_About this exercise_:
Please transcribe the data below in full, word for word, without the images.

Start of Input

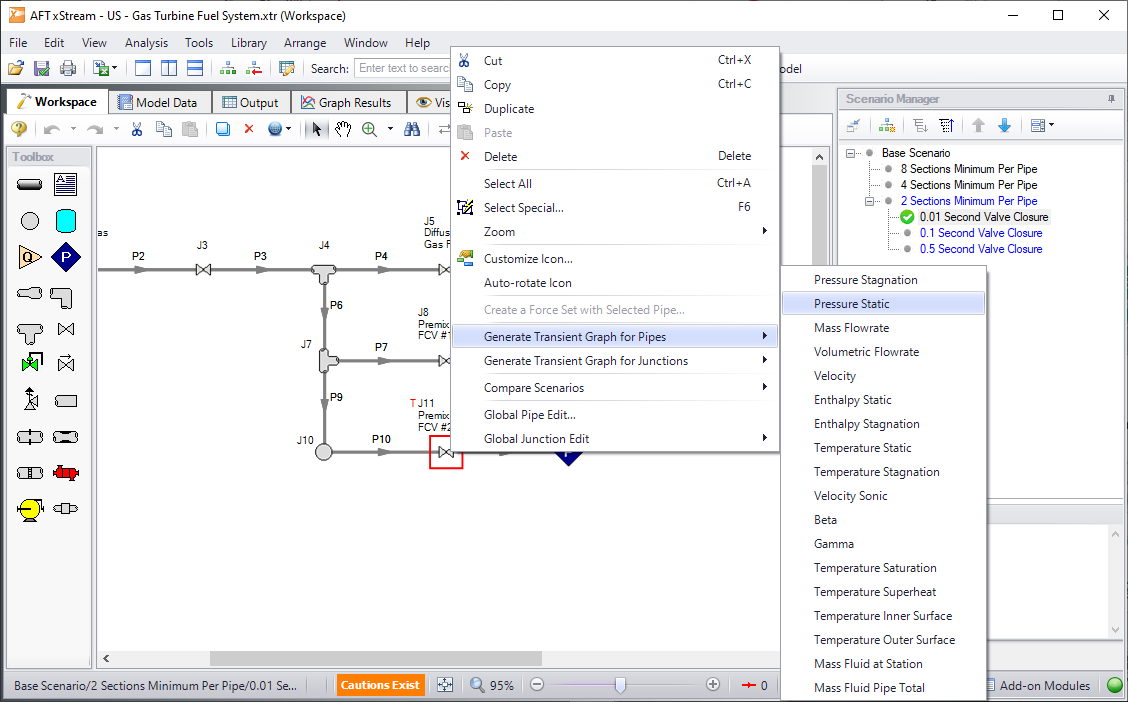 Some graphs can also be generated directly from the Workspace after running the model. To create a graph for the valve inlet and outlet static pressures from the Workspace right click on the valve J11, choose “Create Transient Graph for Pipes”, and select “Pressure Static”.
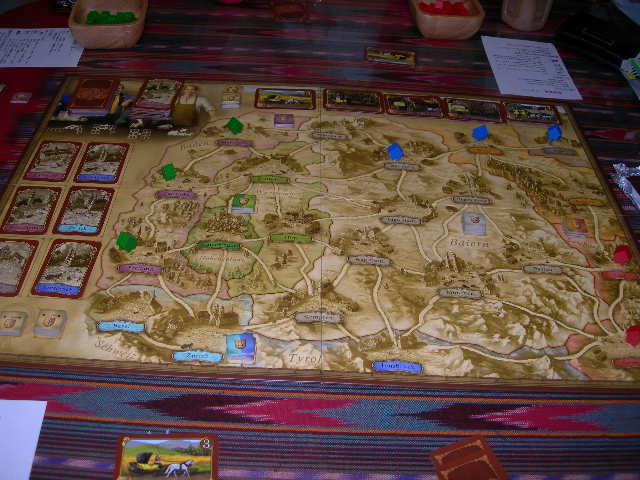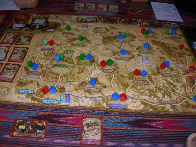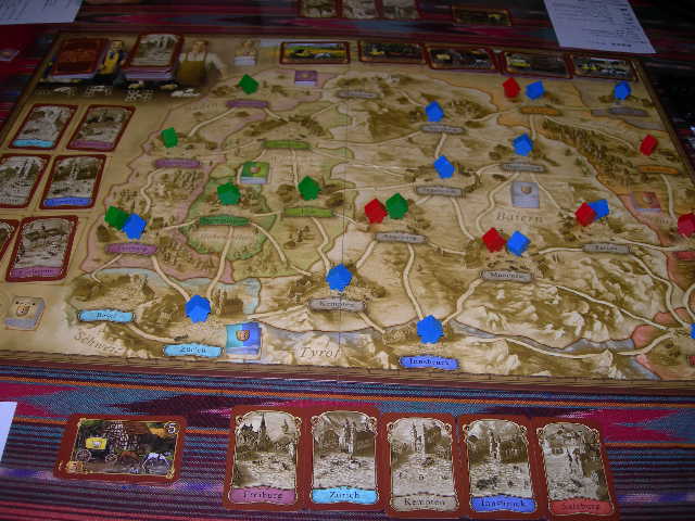 バイエルン地方狙いの青に対して、周辺都市を攻める緑。青、非常に上手くいき、優勢。下に並べてあるのが郵便網で、左右の端に繋がるように置いて行かなければならない。今、5つの郵便網を完成宣言したところ。左に置いてある5の郵便網のボーナスカードを手にした。
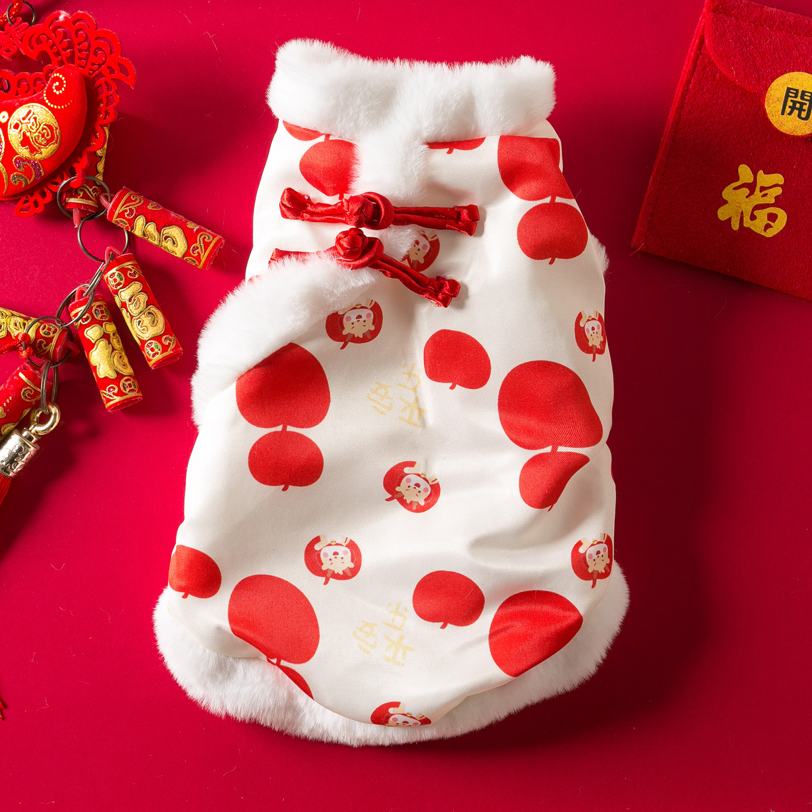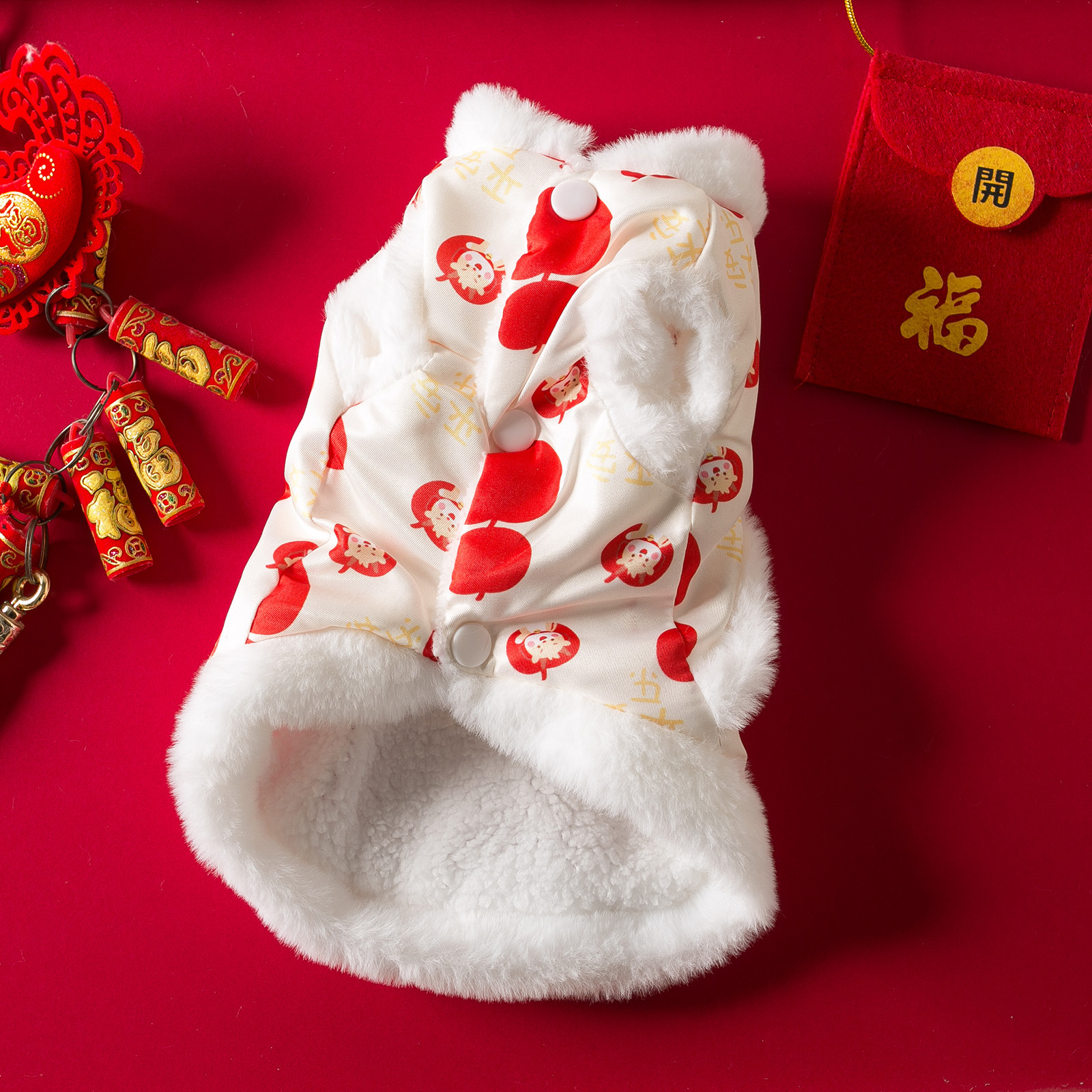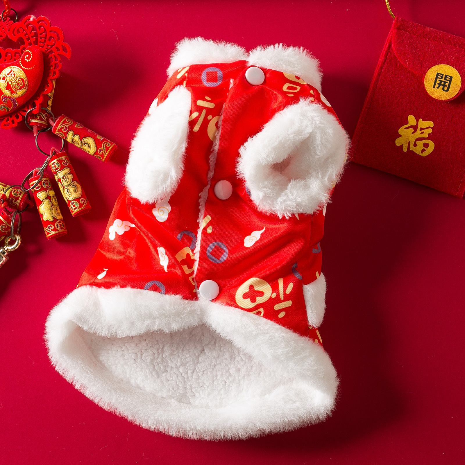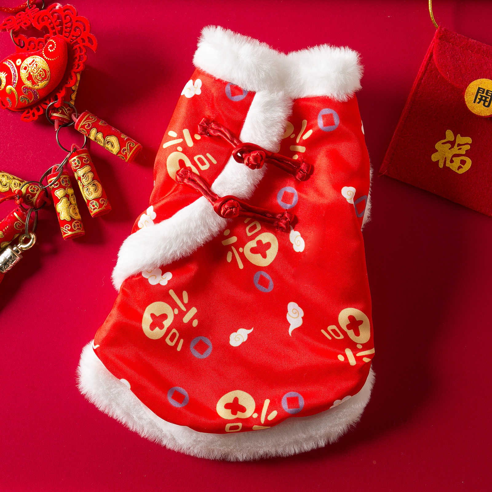 新年唐装子猫ペット用正月服秋冬用裏起毛犬用テディビション用お祝い新年綿服
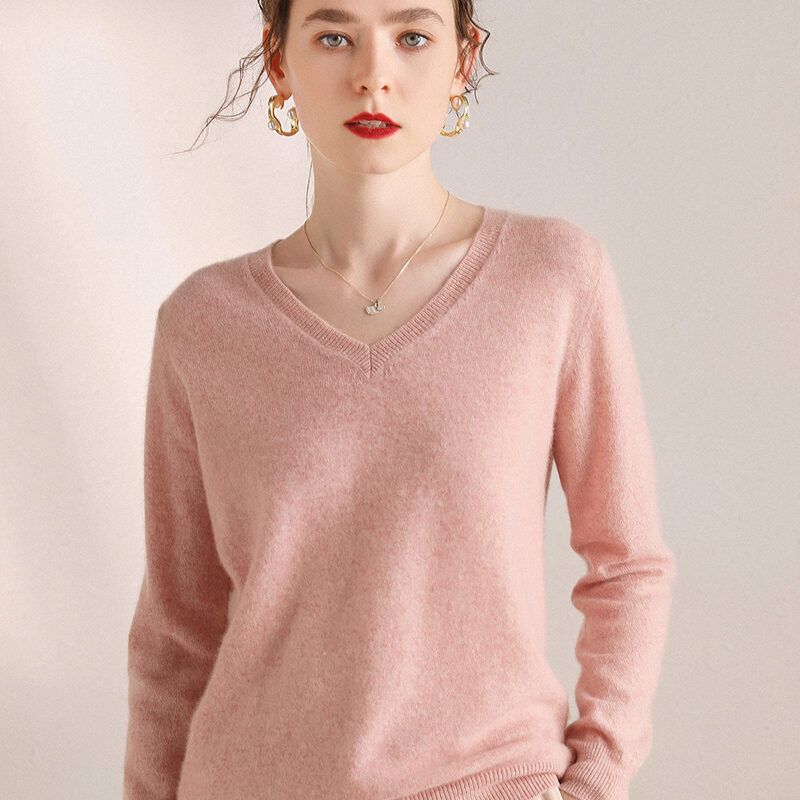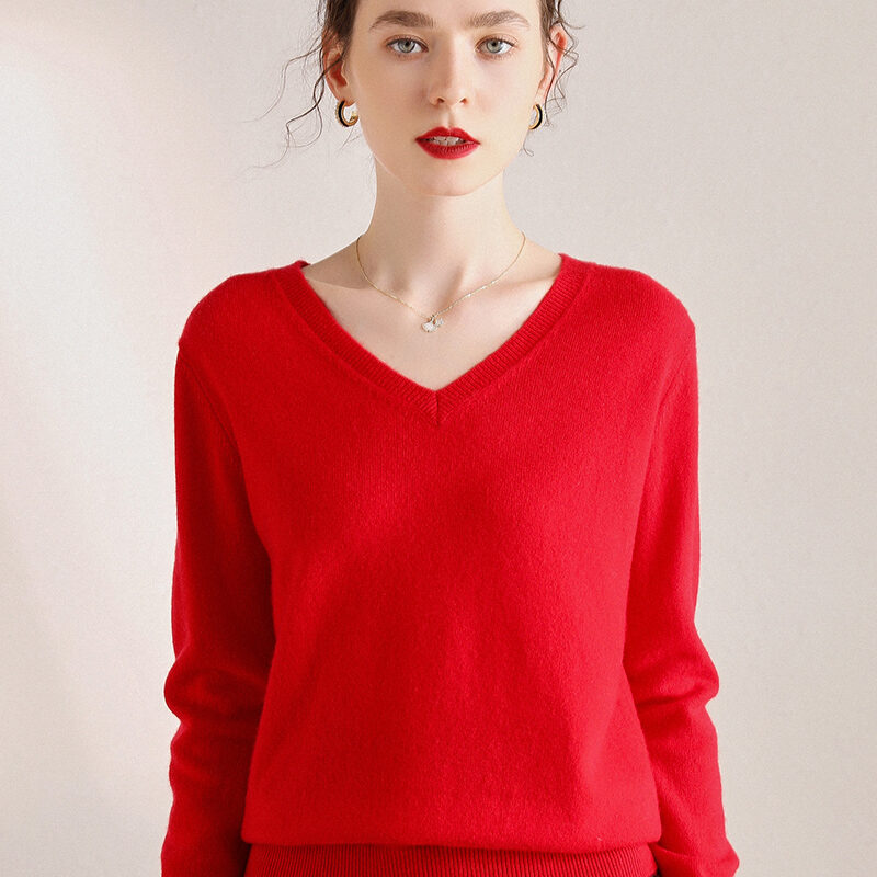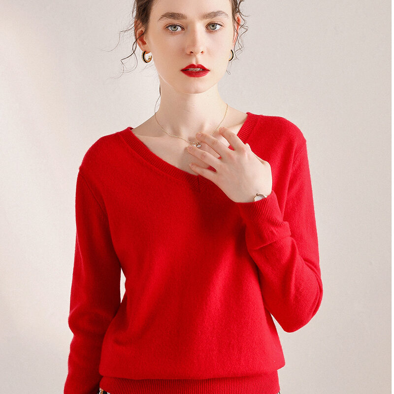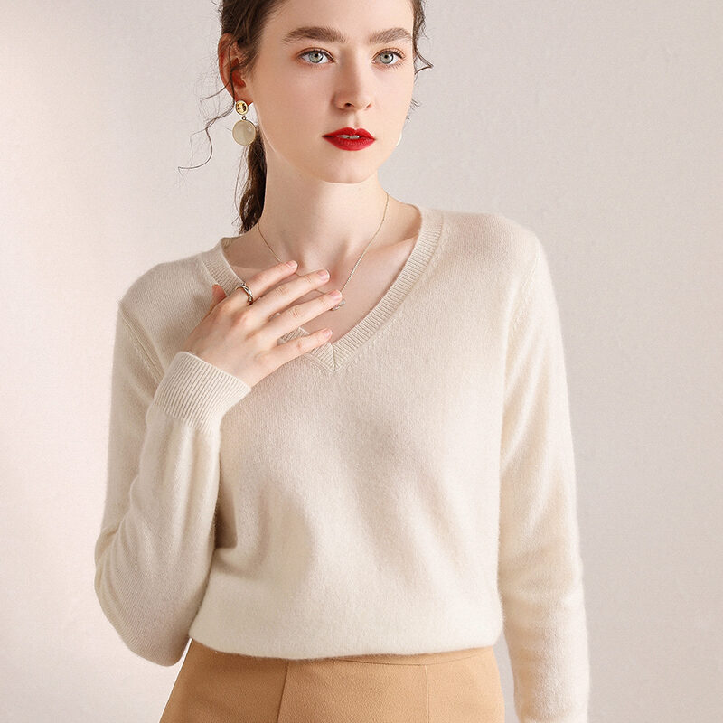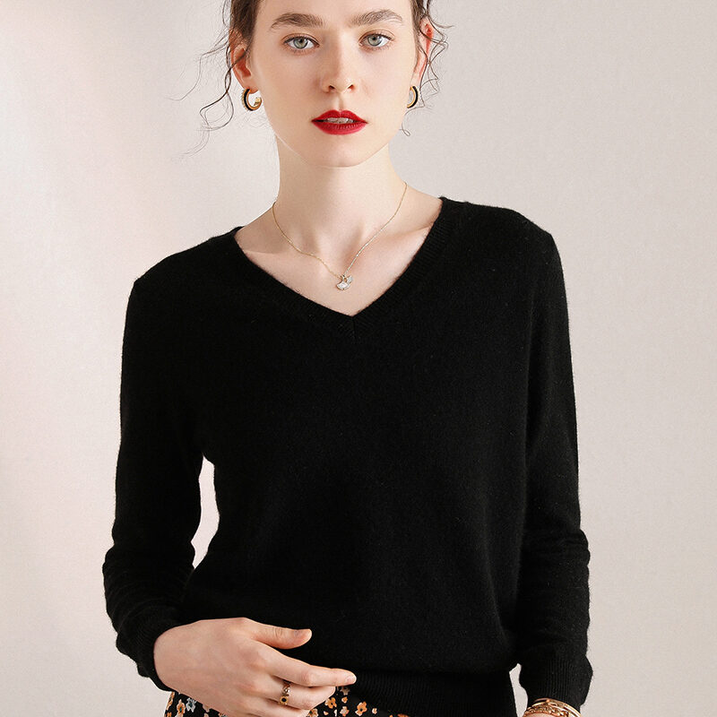 100% Cashmere Sweater Women's Classic Simple V-neck Pullover Knitted Sweater Pure Cashmere Slim Fit All-Match Bottoming Shirt
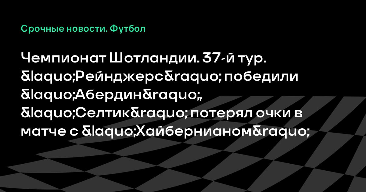 Чемпионат Шотландии. 37-й тур. «Рейнджерс» победили «Абердин», «Селтик» потерял очки в матче с «Хайбернианом»
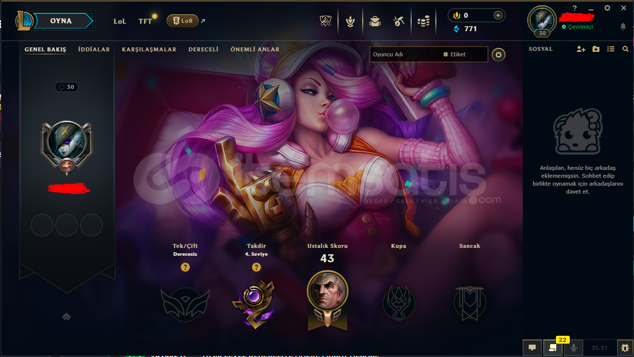 30 LEVEL EU WEST SUNUCUSU LOL HESABIM SATILIKTIR.TAKDİR 4 SEVİYEDİR. HERHANGİ BİR CEZASI BULUNMAMAKTADIR.79 KARAKTER AÇIKTIR.2 KOSTÜM MEVCUTTUR. 1 DESTANSI2 TOTEM MEVCUTTUR.GÜVENLİK AÇISINDAN İSMİNİ KARALADIM.ALICISINA HAYIRLI OLSUN.
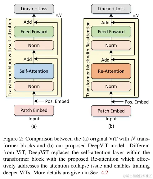 作者发现深层ViT出现的注意力崩溃问题,提出了新颖的Re-attention机制来解决,计算量和内存开销都很少,在增加ViT深度时能够保持性能不断提高
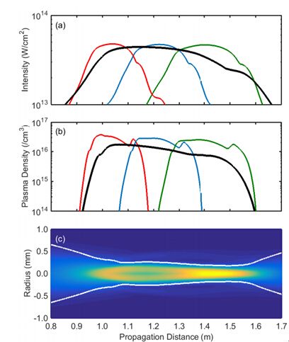 圖 (a)多焦距光束的峰值強度 (b)等離子體濃度及光通量 (c)在傳輸過程中的變化情況
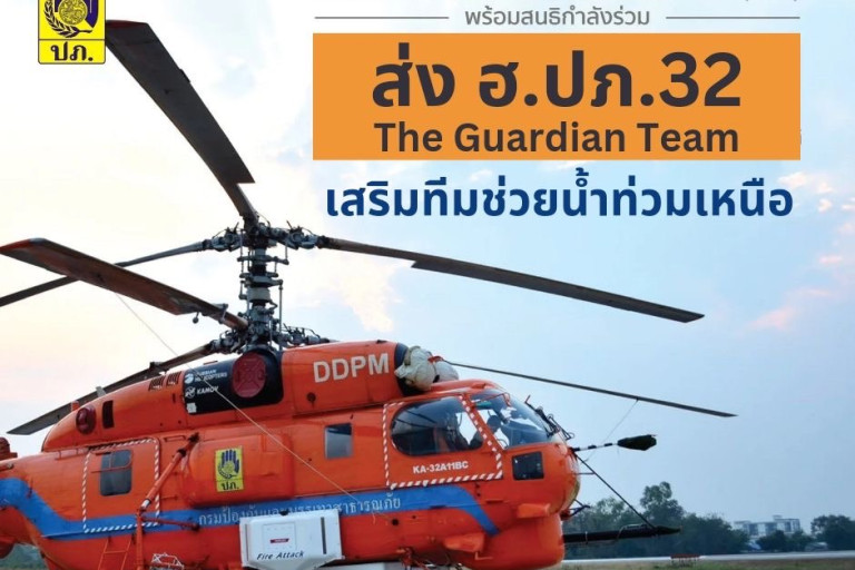 ปภ.-ทบ. สนธิกำลังส่งเฮลิคอปเตอร์ KA-32 และเจ้าหน้าที่กู้ภัยประจำ ฮ.ปภ.32 "The Guardian Team" เสริมทีมช่วยน้ำท่วมภาคเหนือ
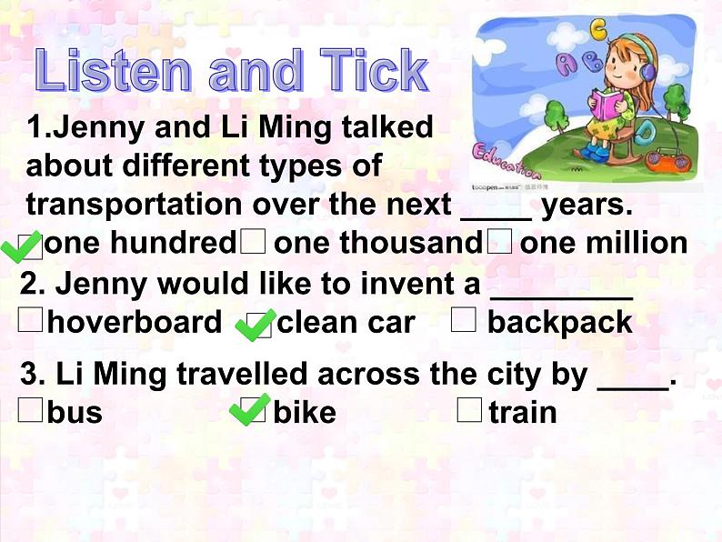 Jenny and Li Ming talked abut different types f transprtatin ver the next ____ years. ne hundred ne thusand ne millin
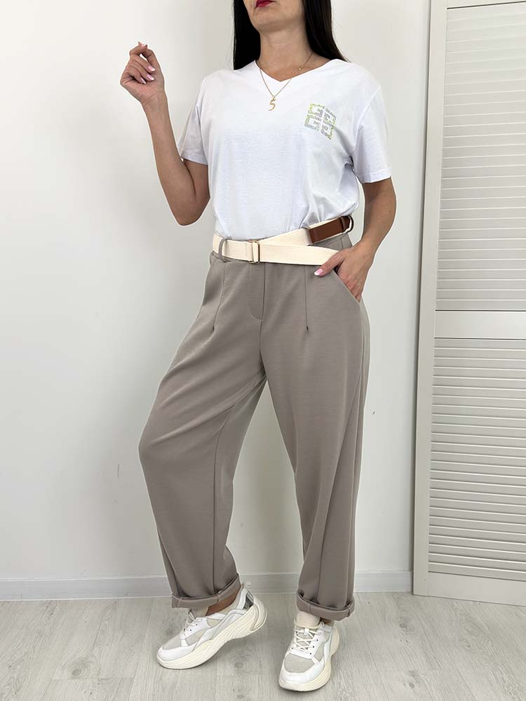 Spodnie bardzo uniwersalne pasują do adidasów jak i do obuwia na obcasie , modne wygodne , świetnie układają się. W modnym miejskim stylu. Mekki elastyczny materiał , luźny krój w udach i biodrach , wysoki stan must have w twojej garderobie
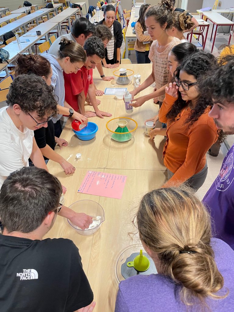 Le week-end s’est déroulé sous le signe de l’expérimentation. Dès l’accueil, les présentations ont laissé place à la première mise en situation, où chacun a pu tester son aisance face au groupe. Au fil des activités, les participant.es ont exploré les différentes facettes de la médiation scientifique, alternant théorie, ateliers pratiques et jeux pédagogiques. L’animation de la fameuse fusée à eau a fait sensation : un moment où chacun.e a pu expérimenter, ajuster et apprendre en direct.
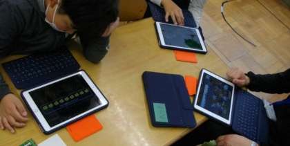 3組は,算数の学習のあと,タブレットを使ってまとめの学習をしています。
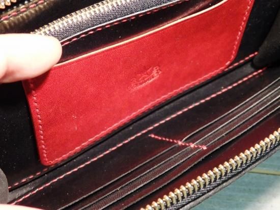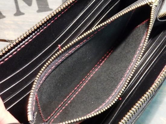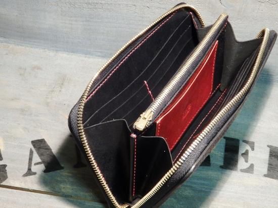 収納スペースを多く設け、カードやお札、レシート等を選別して収納出来、使用し易さ、使い勝手も良く、素材全ての良さが現れ、オーダーならではの内側の構造のラウンドジップウォレットに完成しました。

End of Input

_Expected output_:
 Some graphs can also be generated directly from the Workspace after running the model. To create a graph for the valve inlet and outlet static pressures from the Workspace right click on the valve J11, choose “Create Transient Graph for Pipes”, and select “Pressure Static”.
 バイエルン地方狙いの青に対して、周辺都市を攻める緑。青、非常に上手くいき、優勢。下に並べてあるのが郵便網で、左右の端に繋がるように置いて行かなければならない。今、5つの郵便網を完成宣言したところ。左に置いてある5の郵便網のボーナスカードを手にした。
 新年唐装子猫ペット用正月服秋冬用裏起毛犬用テディビション用お祝い新年綿服
 100% Cashmere Sweater Women's Classic Simple V-neck Pullover Knitted Sweater Pure Cashmere Slim Fit All-Match Bottoming Shirt
 Чемпионат Шотландии. 37-й тур. «Рейнджерс» победили «Абердин», «Селтик» потерял очки в матче с «Хайбернианом»
 30 LEVEL EU WEST SUNUCUSU LOL HESABIM SATILIKTIR.TAKDİR 4 SEVİYEDİR. HERHANGİ BİR CEZASI BULUNMAMAKTADIR.79 KARAKTER AÇIKTIR.2 KOSTÜM MEVCUTTUR. 1 DESTANSI2 TOTEM MEVCUTTUR.GÜVENLİK AÇISINDAN İSMİNİ KARALADIM.ALICISINA HAYIRLI OLSUN.
 作者发现深层ViT出现的注意力崩溃问题,提出了新颖的Re-attention机制来解决,计算量和内存开销都很少,在增加ViT深度时能够保持性能不断提高
 圖 (a)多焦距光束的峰值強度 (b)等離子體濃度及光通量 (c)在傳輸過程中的變化情況
 ปภ.-ทบ. สนธิกำลังส่งเฮลิคอปเตอร์ KA-32 และเจ้าหน้าที่กู้ภัยประจำ ฮ.ปภ.32 "The Guardian Team" เสริมทีมช่วยน้ำท่วมภาคเหนือ
 Jenny and Li Ming talked abut different types f transprtatin ver the next ____ years. ne hundred ne thusand ne millin
 Spodnie bardzo uniwersalne pasują do adidasów jak i do obuwia na obcasie , modne wygodne , świetnie układają się. W modnym miejskim stylu. Mekki elastyczny materiał , luźny krój w udach i biodrach , wysoki stan must have w twojej garderobie
 Le week-end s’est déroulé sous le signe de l’expérimentation. Dès l’accueil, les présentations ont laissé place à la première mise en situation, où chacun a pu tester son aisance face au groupe. Au fil des activités, les participant.es ont exploré les différentes facettes de la médiation scientifique, alternant théorie, ateliers pratiques et jeux pédagogiques. L’animation de la fameuse fusée à eau a fait sensation : un moment où chacun.e a pu expérimenter, ajuster et apprendre en direct.
 3組は,算数の学習のあと,タブレットを使ってまとめの学習をしています。
 収納スペースを多く設け、カードやお札、レシート等を選別して収納出来、使用し易さ、使い勝手も良く、素材全ての良さが現れ、オーダーならではの内側の構造のラウンドジップウォレットに完成しました。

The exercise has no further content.